Ulice Madrytu przepełniły się owcami. W niedzielę odbyła się coroczna impreza, podczas której pasterze, ubrani w stroje ludowe przy akompaniamencie muzyki, prowadzą swoje stada przez stolicę Hiszpanii.
W zeszłym roku impreza się nie odbyła z powodu pandemii COVID-19. Tym razem pasterze wreszcie mogli przepędzić swoje stada owiec z północnej Hiszpanii na bardziej południowe pastwiska, na zimowy wypas. Wydarzenie to jest atrakcją zarówno dla turystów, jak i miejscowych.

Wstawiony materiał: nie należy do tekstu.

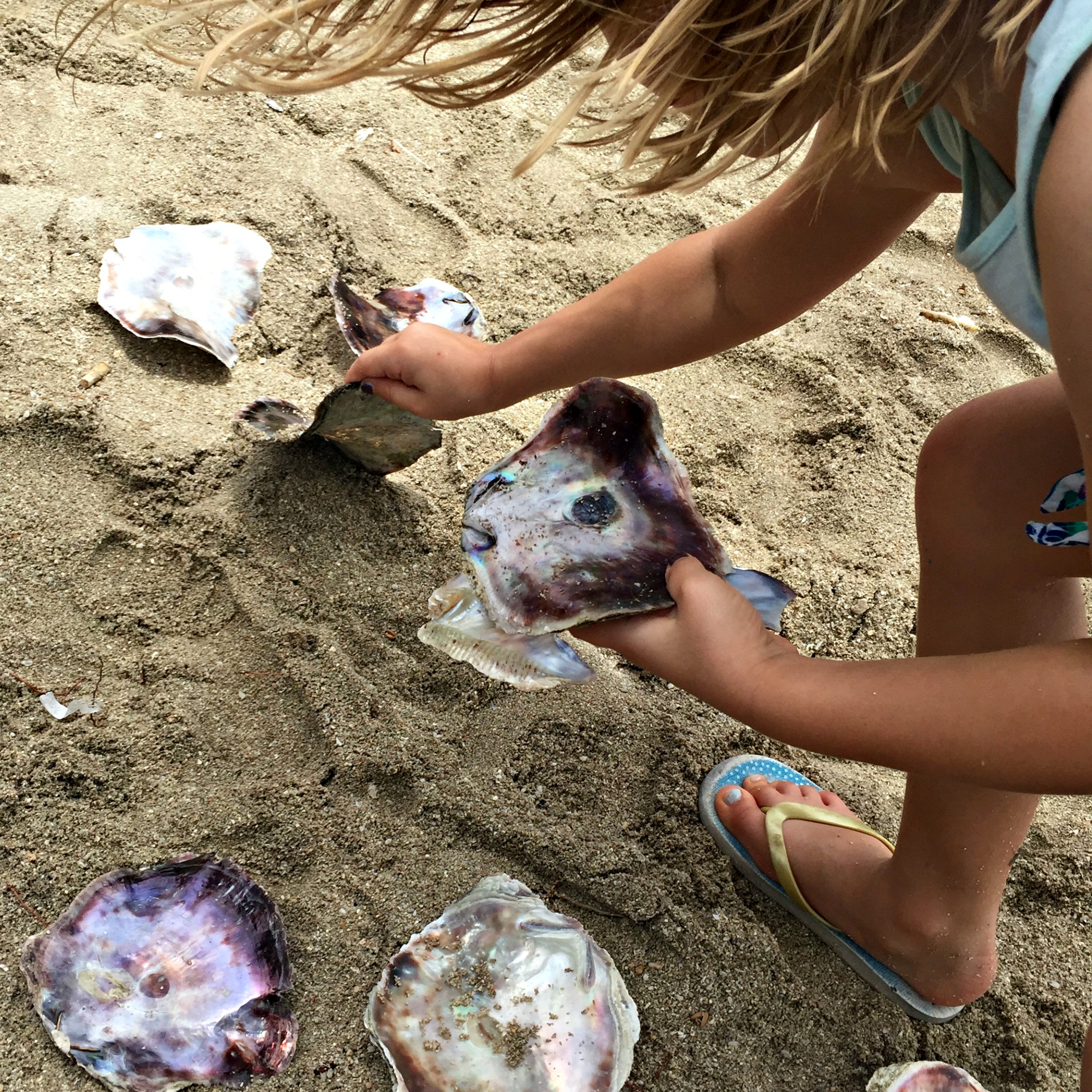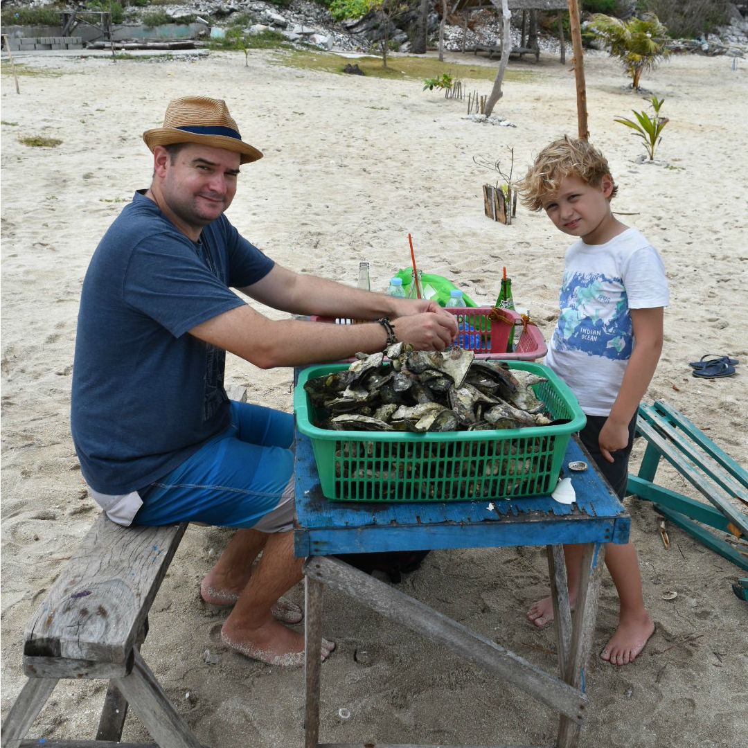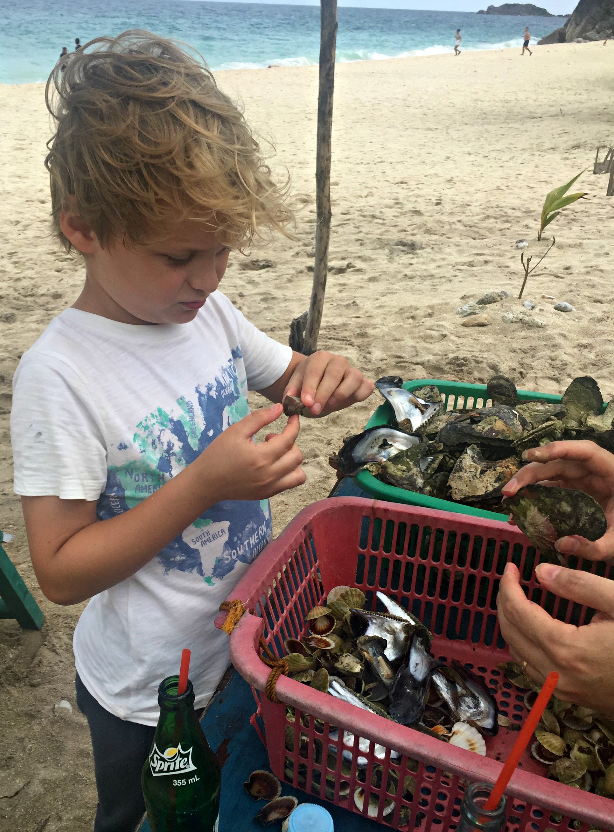 The rain passed and we got off our boat by crawling across another boat docked in front of us. We walked past the yert style tents on this side of the beach we docked at, and SB put in his order for a basket of scallops and a basket of rock oysters which were 2 pesos each (minimum orders are 100p for scallops and 200p for rock oysters). We walked past the bench tables with massive groups feasting, and SB found a little table and carried it under a tree on the beach on the other side of the island, where the waters were rougher and large waves crashed on the shore. SB found some bench seats and I sat there for a while feeling sorry for myself while SB downed beer and the kids had a marvellous time running around exploring and collecting old oyster shells, which are so pretty and shiny.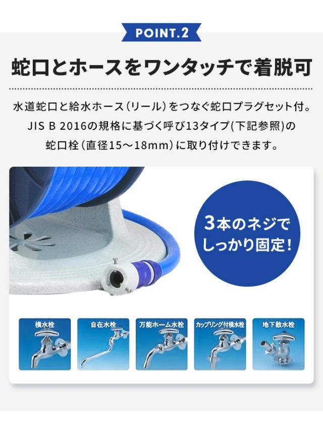 ホースのねじれ・折れ癖を防ぎます。ワンタッチで脱着できるので、移動・収納に便利。
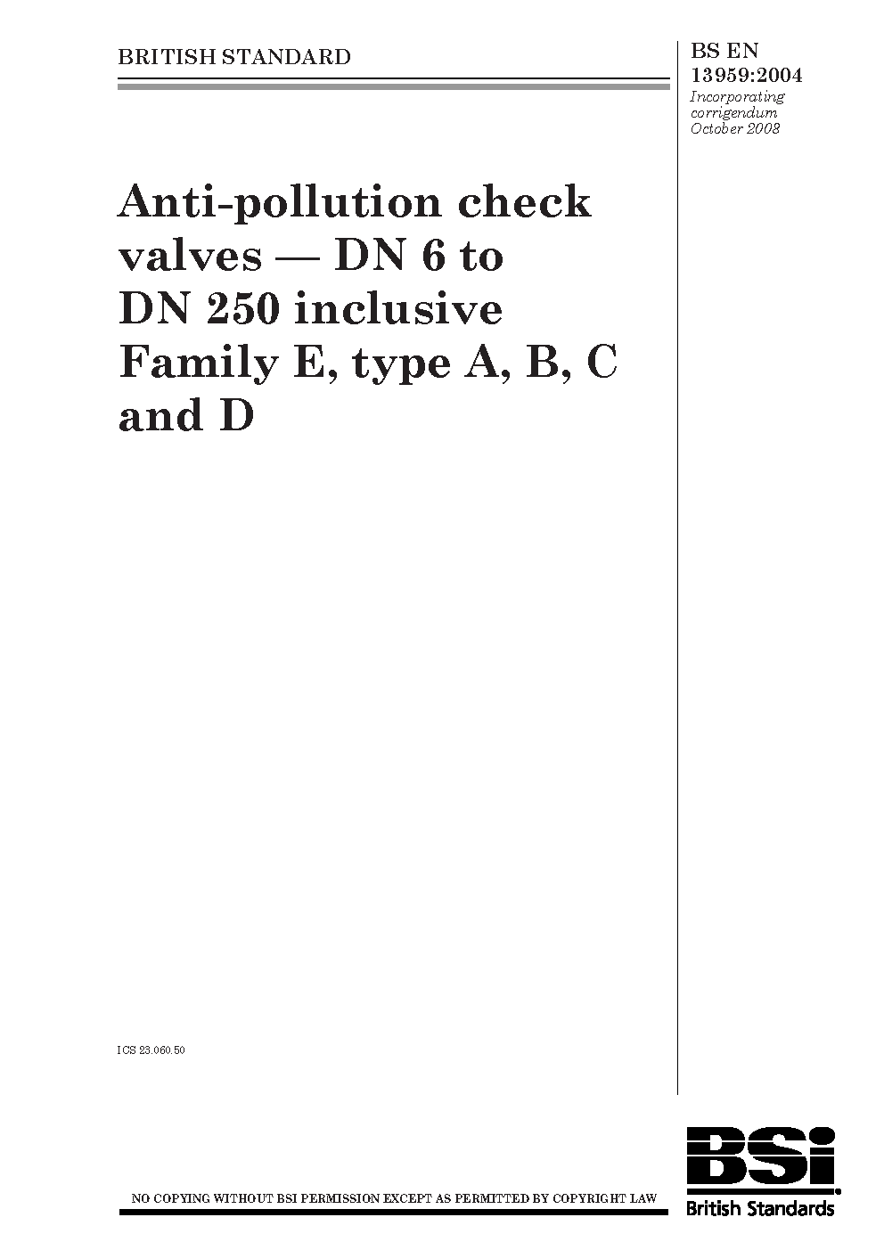 Anti-pollution check valves. DN 6 to DN 250 inclusive Family E, type A, B, C, and D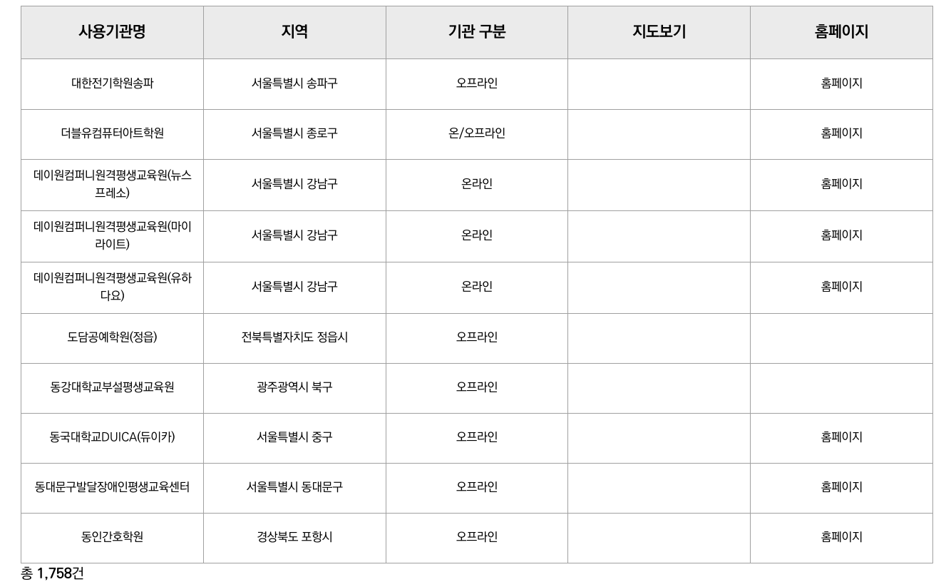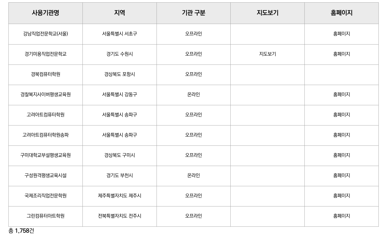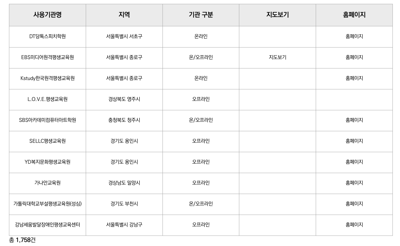 - 수강기관은 계속 추가 중이라서 정기적으로 확인하는 게 좋아요.

- To jest cudowne. Przychodzę tu co roku, a w tym roku po raz pierwszy przyprowadziłam dzieci, więc jest to niesamowite - powiedziała 39-letnia Graciela Gonzalez.
Dzieciom, które przywykły do oglądania korków na ulicach miasta, spodobała się możliwość zbliżenia się do owiec. - Czasami możemy je dotknąć - powiedziała ośmioletnia Carmen Iglesias, która wraz z ojcem i młodszą siostrą uczestniczyła w imprezie.
Przepędzanie owiec hiszpańskimi ulicami sięga XX wieku. Dawniej trasa prowadziłaby przez spokojne wiejskie tereny, dziś natomiast prowadzi przez ruchliwą stolicę.